There is an increasing need to develop biosensor methods that are highly sensitive and, that can be combined with low-cost consumables. The use of magnetic nanoparticles (MNPs) is attractive because their detection is compatible with low-cost disposables and because application of a magnetic field can be used to accelerate assay kinetics. We present the first study and comparison of the performance of magnetic susceptibility measurements and a newly proposed optomagnetic method. For the comparison we use the C-reactive protein (CRP) induced agglutination of identical samples of 100 nm MNPs conjugated with CRP antibodies. Both methods detect agglutination as a shift to lower frequencies in measurements of the dynamics in response to an applied oscillating magnetic field. The magnetic susceptibility method probes the magnetic response whereas the optomagnetic technique probes the modulation of laser light transmitted through the sample.
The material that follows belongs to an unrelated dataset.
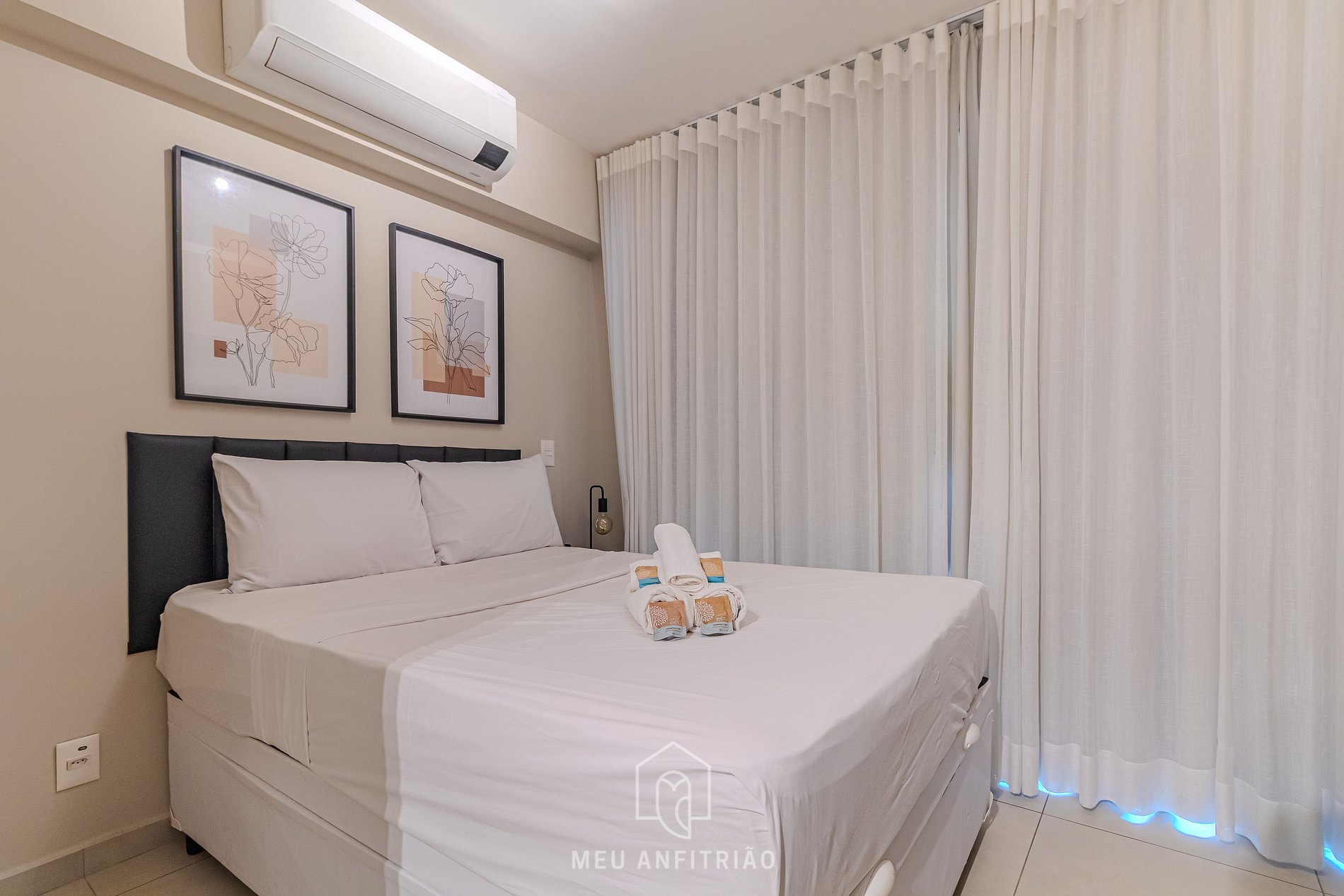 The studio measures 24m² and accommodates up to 2 people in a comfortable double bed. The condominium offers a fully equipped leisure area and 24-hour security, ensuring security and convenience.

The two techniques provided highly correlated results upon agglutination when they measure the decrease of the signal from the individual MNPs (turn-off detection strategy), whereas the techniques provided different results, strongly depending on the read-out frequency, when detecting the signal due to MNP agglomerates (turn-on detection strategy). These observations are considered to be caused by differences in the volume-dependence of the magnetic and optical signals from agglomerates. The highest signal from agglomerates was found in the optomagnetic signal at low frequencies.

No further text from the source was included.